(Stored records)
————

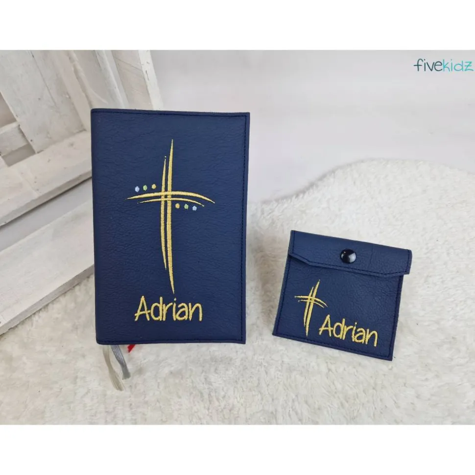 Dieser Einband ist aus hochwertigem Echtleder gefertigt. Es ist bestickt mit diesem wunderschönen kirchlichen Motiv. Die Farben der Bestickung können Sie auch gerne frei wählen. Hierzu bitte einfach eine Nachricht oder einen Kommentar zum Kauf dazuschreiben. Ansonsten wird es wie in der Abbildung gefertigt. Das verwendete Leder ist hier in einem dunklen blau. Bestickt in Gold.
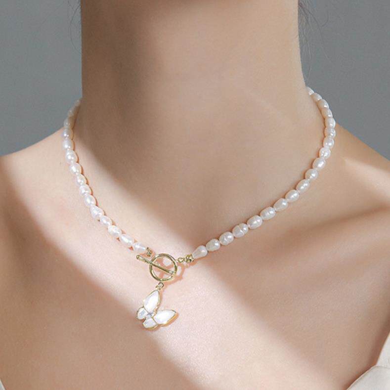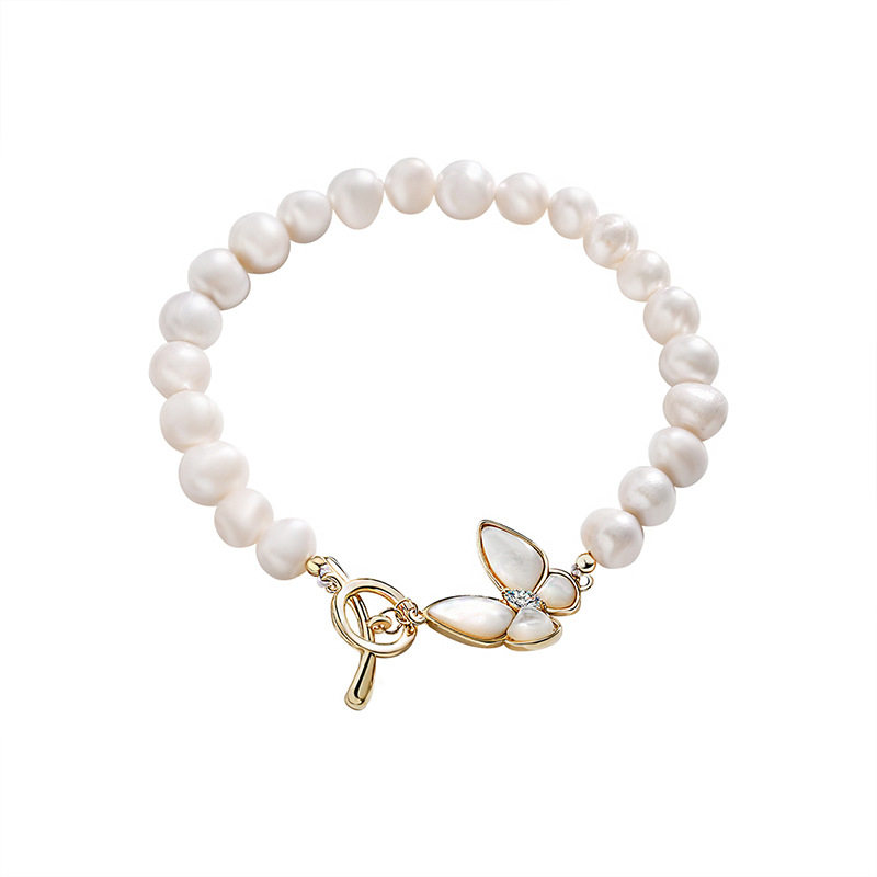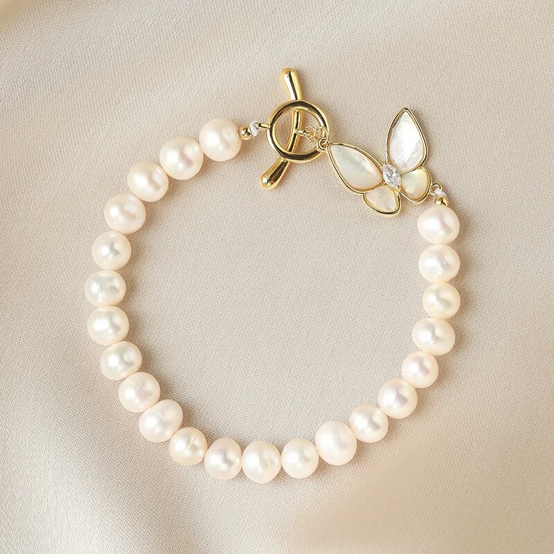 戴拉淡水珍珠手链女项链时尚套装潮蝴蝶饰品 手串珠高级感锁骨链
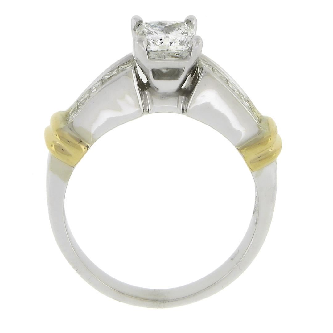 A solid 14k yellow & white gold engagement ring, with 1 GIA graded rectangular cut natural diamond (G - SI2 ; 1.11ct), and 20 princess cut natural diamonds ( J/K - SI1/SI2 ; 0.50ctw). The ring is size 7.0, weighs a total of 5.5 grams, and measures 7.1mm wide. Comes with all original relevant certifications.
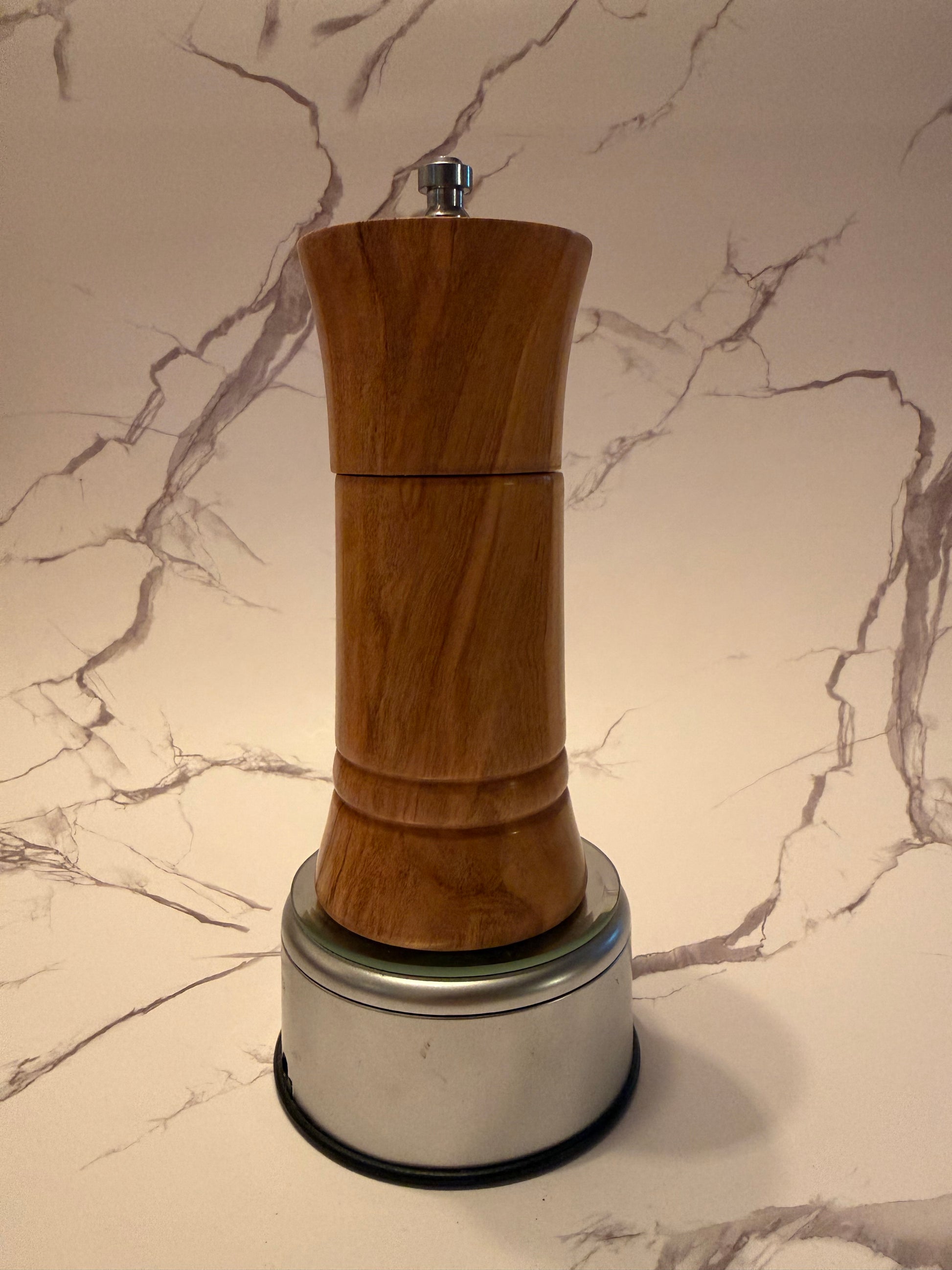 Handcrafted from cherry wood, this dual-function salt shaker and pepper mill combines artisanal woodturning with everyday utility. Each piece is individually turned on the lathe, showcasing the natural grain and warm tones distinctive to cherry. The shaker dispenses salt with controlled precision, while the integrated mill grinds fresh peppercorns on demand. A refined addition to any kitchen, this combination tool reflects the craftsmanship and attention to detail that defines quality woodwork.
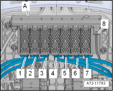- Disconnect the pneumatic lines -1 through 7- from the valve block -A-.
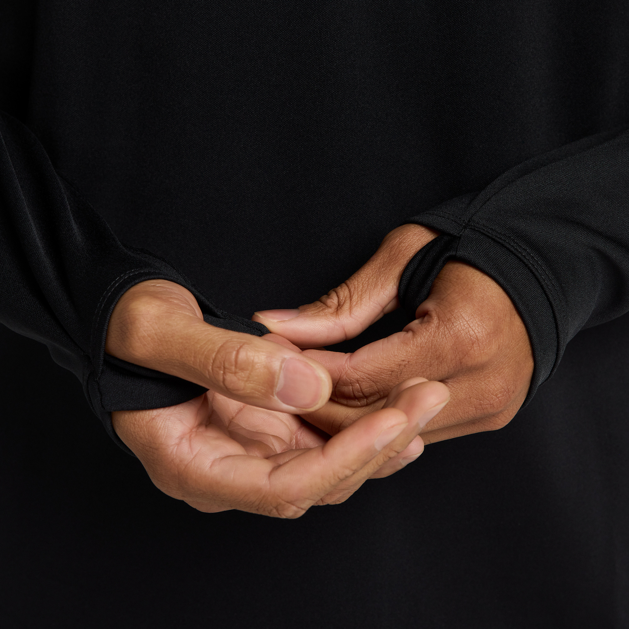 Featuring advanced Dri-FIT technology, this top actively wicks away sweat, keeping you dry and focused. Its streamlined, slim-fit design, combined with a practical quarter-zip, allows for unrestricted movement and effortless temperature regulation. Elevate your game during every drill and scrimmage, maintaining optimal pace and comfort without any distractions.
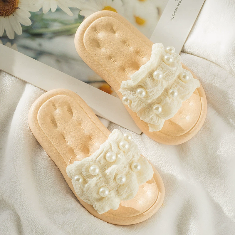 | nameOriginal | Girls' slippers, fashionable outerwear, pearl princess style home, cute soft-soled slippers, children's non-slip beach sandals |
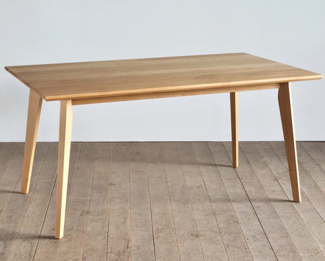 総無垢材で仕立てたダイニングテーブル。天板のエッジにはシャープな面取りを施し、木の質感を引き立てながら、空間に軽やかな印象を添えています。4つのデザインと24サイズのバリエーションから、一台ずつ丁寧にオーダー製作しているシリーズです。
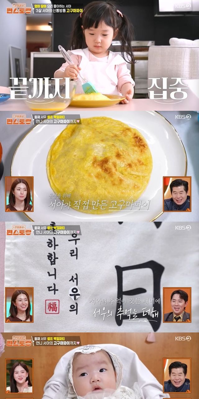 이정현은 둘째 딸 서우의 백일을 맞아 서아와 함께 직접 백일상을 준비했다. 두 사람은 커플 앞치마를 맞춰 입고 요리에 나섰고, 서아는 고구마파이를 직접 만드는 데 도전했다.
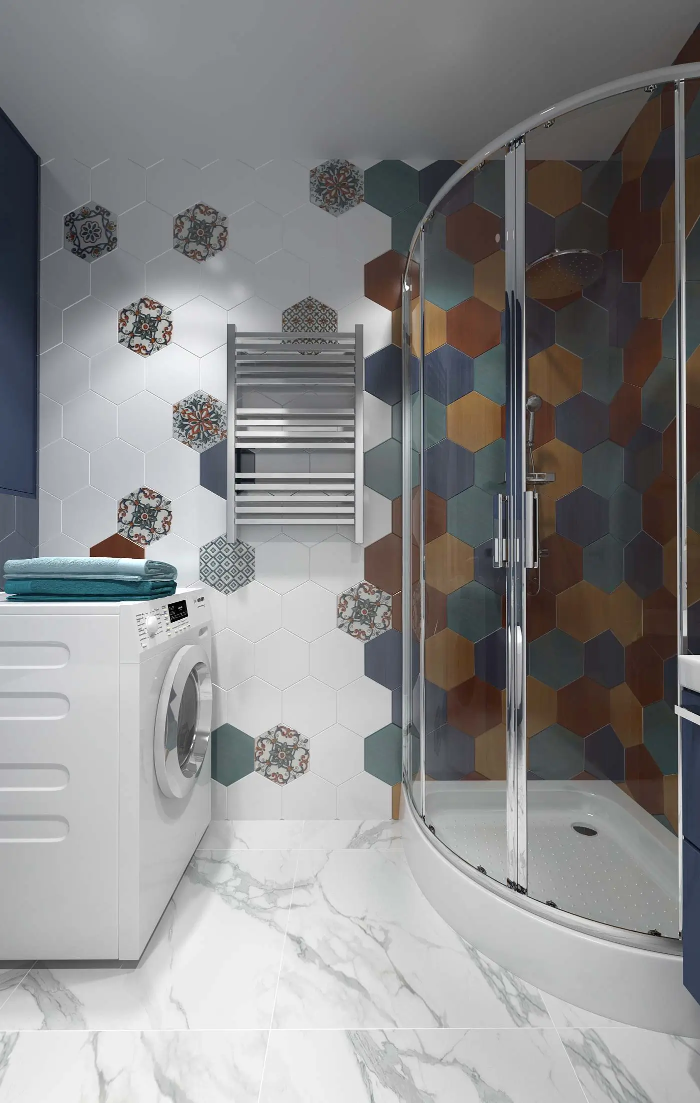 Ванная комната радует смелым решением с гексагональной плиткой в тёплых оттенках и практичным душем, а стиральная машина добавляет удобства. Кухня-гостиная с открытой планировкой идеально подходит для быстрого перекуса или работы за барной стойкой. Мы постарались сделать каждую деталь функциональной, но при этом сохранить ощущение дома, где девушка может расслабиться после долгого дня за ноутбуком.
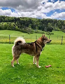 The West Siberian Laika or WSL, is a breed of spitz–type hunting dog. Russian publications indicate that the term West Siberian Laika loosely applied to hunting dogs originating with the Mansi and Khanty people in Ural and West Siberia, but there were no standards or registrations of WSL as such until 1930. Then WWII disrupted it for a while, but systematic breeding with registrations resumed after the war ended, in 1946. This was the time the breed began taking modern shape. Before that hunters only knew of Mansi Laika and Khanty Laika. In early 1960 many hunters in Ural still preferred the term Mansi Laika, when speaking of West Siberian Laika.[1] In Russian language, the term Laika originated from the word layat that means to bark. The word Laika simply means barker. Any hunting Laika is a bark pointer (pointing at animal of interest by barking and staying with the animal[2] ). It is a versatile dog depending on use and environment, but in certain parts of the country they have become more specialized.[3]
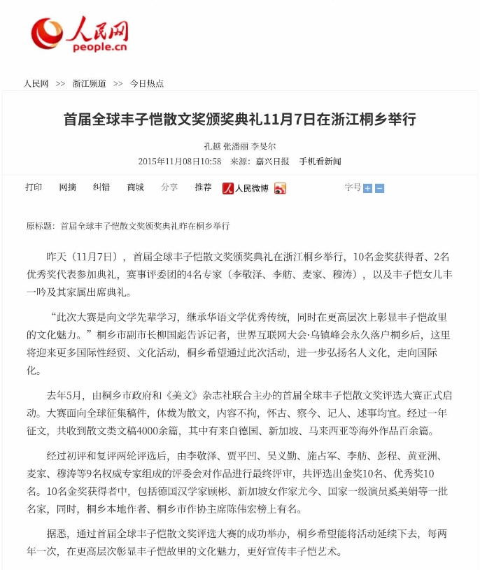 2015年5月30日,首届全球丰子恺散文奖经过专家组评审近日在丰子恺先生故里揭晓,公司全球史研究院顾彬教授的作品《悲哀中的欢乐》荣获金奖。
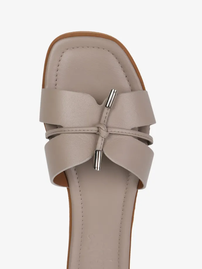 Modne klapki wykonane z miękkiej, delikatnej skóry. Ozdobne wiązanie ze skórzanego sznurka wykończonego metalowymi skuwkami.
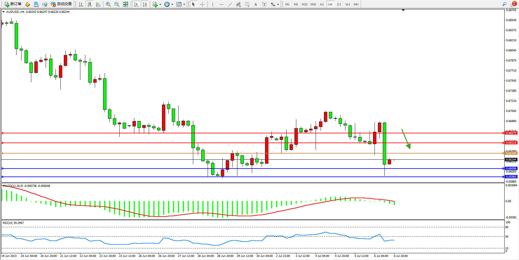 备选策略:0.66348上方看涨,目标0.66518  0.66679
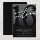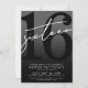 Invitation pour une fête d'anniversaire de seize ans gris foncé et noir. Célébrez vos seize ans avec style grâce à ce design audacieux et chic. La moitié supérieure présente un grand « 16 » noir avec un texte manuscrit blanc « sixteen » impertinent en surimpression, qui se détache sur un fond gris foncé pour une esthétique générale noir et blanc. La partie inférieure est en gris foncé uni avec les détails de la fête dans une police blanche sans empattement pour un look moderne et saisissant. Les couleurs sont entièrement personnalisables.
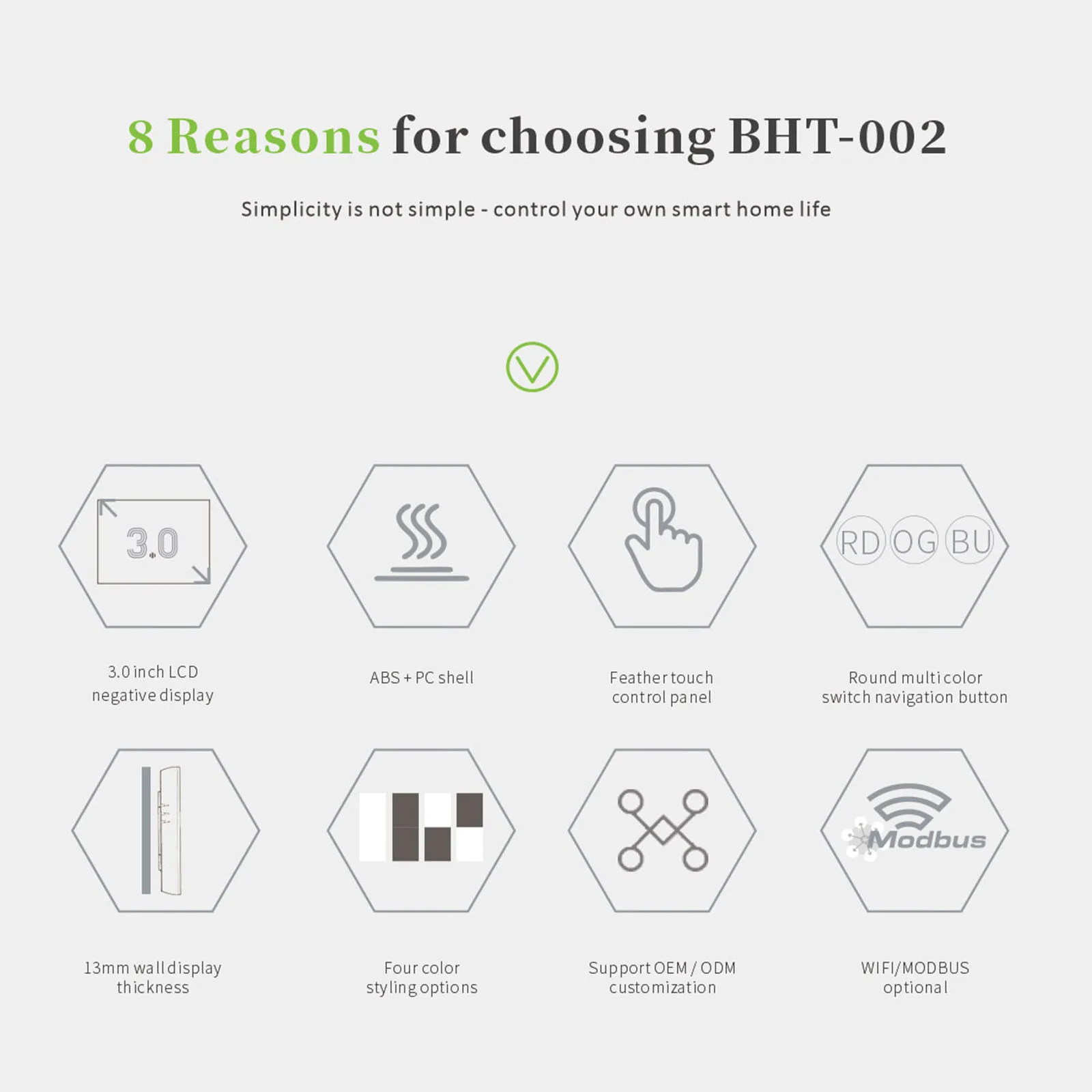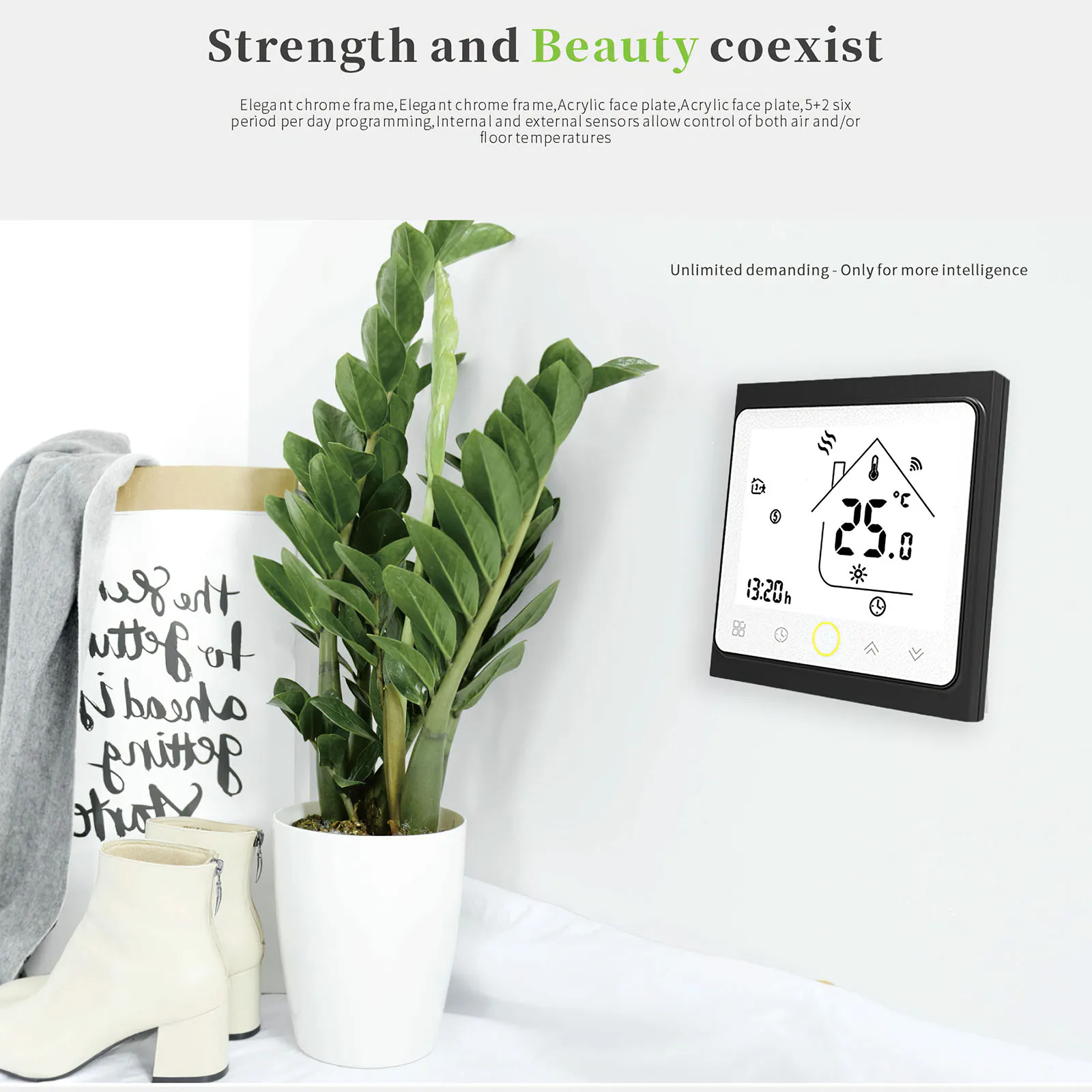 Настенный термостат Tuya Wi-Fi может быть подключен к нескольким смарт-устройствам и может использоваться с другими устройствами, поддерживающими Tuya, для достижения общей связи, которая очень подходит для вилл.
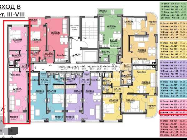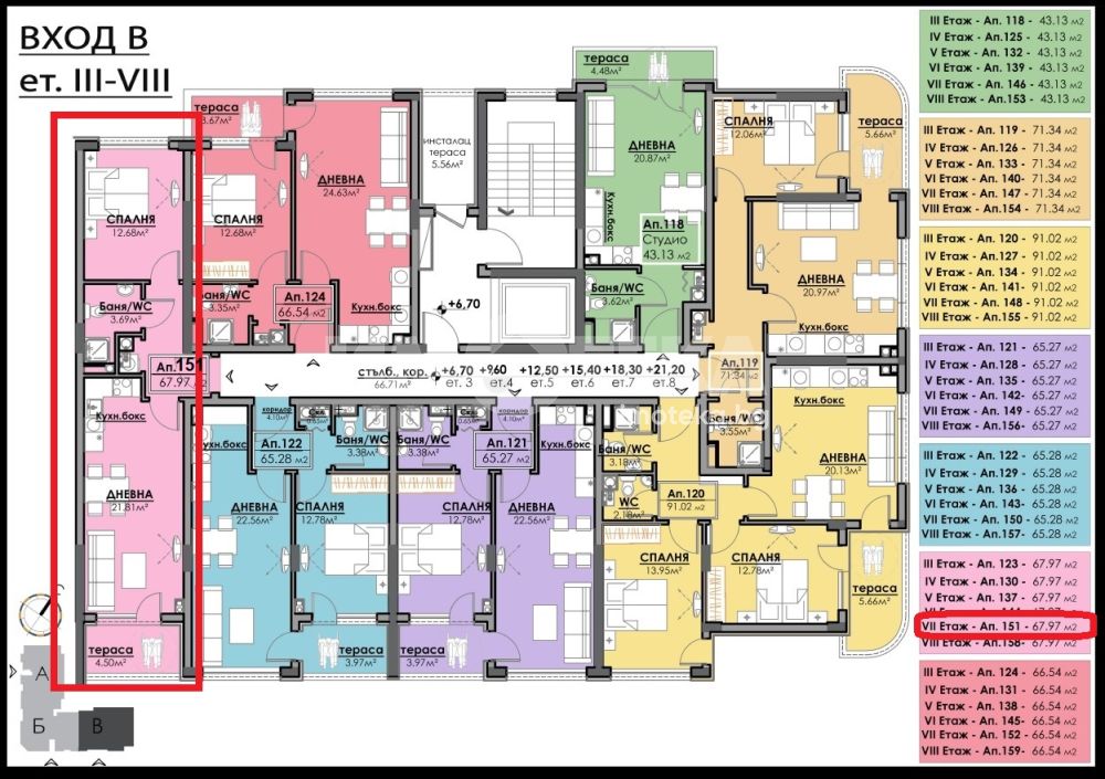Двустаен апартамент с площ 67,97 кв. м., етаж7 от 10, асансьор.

————

▸ **WORK REQUEST**: Would you set down only the lines above from the line with "이정현은 둘째 딸 서우의" to the line with "Ванная комната радует", both included, exactly as they stand and without the pictures?

▸ **RESPONSE**:
 이정현은 둘째 딸 서우의 백일을 맞아 서아와 함께 직접 백일상을 준비했다. 두 사람은 커플 앞치마를 맞춰 입고 요리에 나섰고, 서아는 고구마파이를 직접 만드는 데 도전했다.
 Ванная комната радует смелым решением с гексагональной плиткой в тёплых оттенках и практичным душем, а стиральная машина добавляет удобства. Кухня-гостиная с открытой планировкой идеально подходит для быстрого перекуса или работы за барной стойкой. Мы постарались сделать каждую деталь функциональной, но при этом сохранить ощущение дома, где девушка может расслабиться после долгого дня за ноутбуком.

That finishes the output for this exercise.